Polyphonic sound event detection

Short version
For my MSc thesis, I wrote software that:

Classifies bird species from song.
Tags the moments in time where birds are singing with a frame-wise F-score of 0.94.
Distinguishes bird song phrases in an unsupervised manner.

In addition I created a dataset with 3200+ annotated songs, with 500+ sound event annotations for each of 5 bird species.

[code] [paper] [video]

Long versions
While looking for a subject for my MSc thesis, I was reading about the use of neural networks for spectrogram analysis. There were several annual competitions in classifying bird species from spectrograms, as is the fashion for many problems in machine learning. The winning entries in these competitions exclusively used CNNs [1]. A few things bothered me about these entries:

Standard CNNs necessarily interpret both axes of a spectrogram as spatially related, which is questionable. These axes encode two distinct features, frequency and time.
There was an absence of multiclass classification, while real-life recordings often contain multiple species singing at once.
There was little mention of ways to extend these models for practical applications, such as biomonitoring and population counting.

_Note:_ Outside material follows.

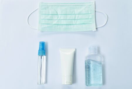Medical equipment set that consist of face mask, alcohol gel and cleansing gel that help to protect mask cover the mouth and nose from virus, bacteria, dust or other pollution. the mask is taken on mask on isolated light blue background.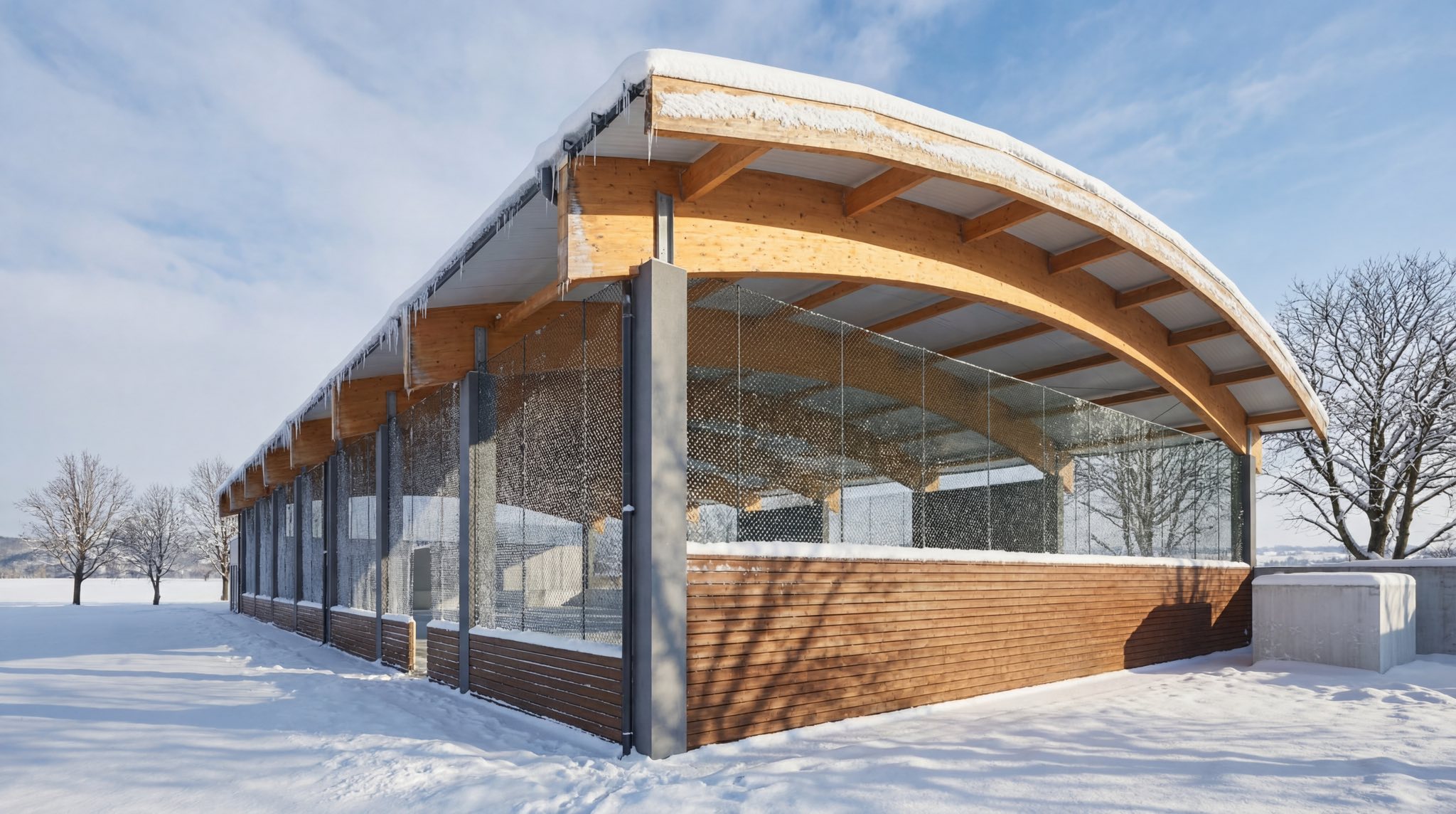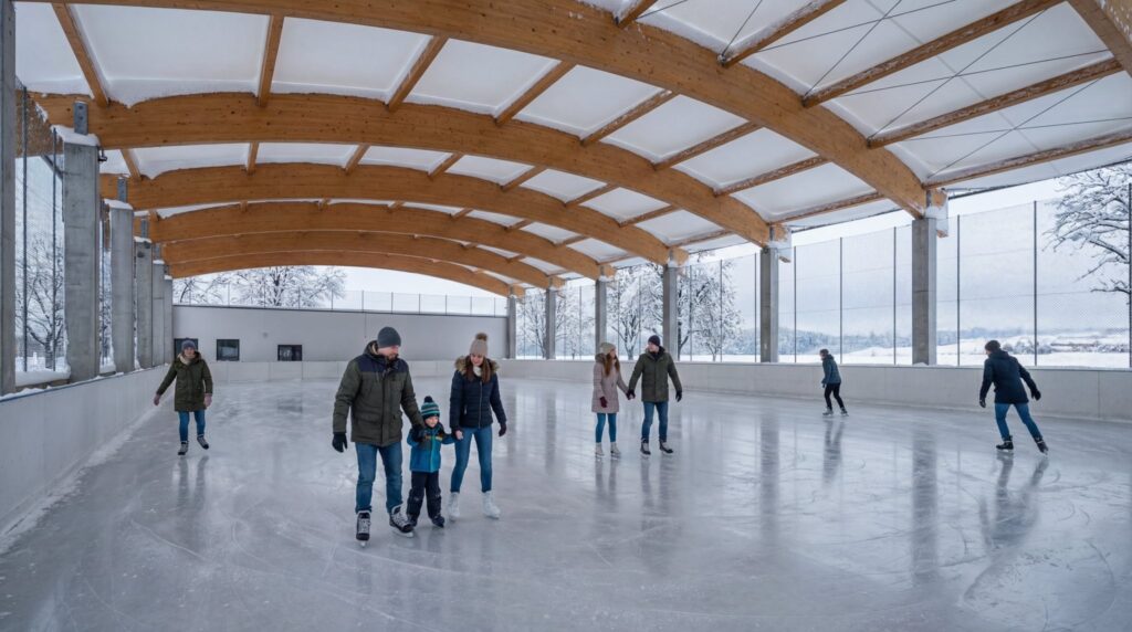 Zadaszona tafla z profesjonalnym agregatem chłodniczym w sezonie zimowym będzie funkcjonować jako lodowisko, natomiast latem jako kort tenisowy ze sztuczną nawierzchnią, co zapewni efektywne, całoroczne wykorzystanie obiektu.

Thus, I set out to find a method or network architecture that could address these issues. I was led to a paper by Adavanne et al. that presents a network called sed-crnn [2-3]. The central idea is to cut up the spectrogram along the time axis. The resulting vectors represent the frequencies present at single time steps. Here, a time step is a discretization of time, whose length depends on the parametrization of the spectrogram’s STFT. By splitting time, we can now process time and frequency separately. Frequencies are processed by convolutional layers, while the time interdependencies are processed by a recurrent neural network. Adding sigmoid activations for each class, rather than using a softmax for a dominant class, gives us a network capable of polyphonic sound event detection.

I took the model’s source code and rewrote it from the ground up to improve the modularity, conciseness, and simplicity. This model worked exceptionally well for the regularities present in the dataset I annotated (F-score of 0.94 vs 0.59 reported in the original sed-crnn paper) . So well in fact, that I was extremely sceptical it was real. After careful analysis and finding no mistakes such as train/test overlap, I included a section of possible explanation in the paper. These include repetitive song structures, data quality, and parameter choices.

Last but not least, the trained network has a surprising capacity to segment song phrases. During development, I would plot the 1D T-SNE of the CNN features as a sanity check. As it turns out, these features covary with song phrases, and applying K-means clustering to the CNN features is enough to signify phrase edges.

[1] Kahl et al. - Recognizing Birds from Sound - The 2018 BirdCLEF Baseline System
[2] Adavanne et al. - Sound event detection using spatial features and convolutional recurrent neural network
[3] Sed-crnn Github repository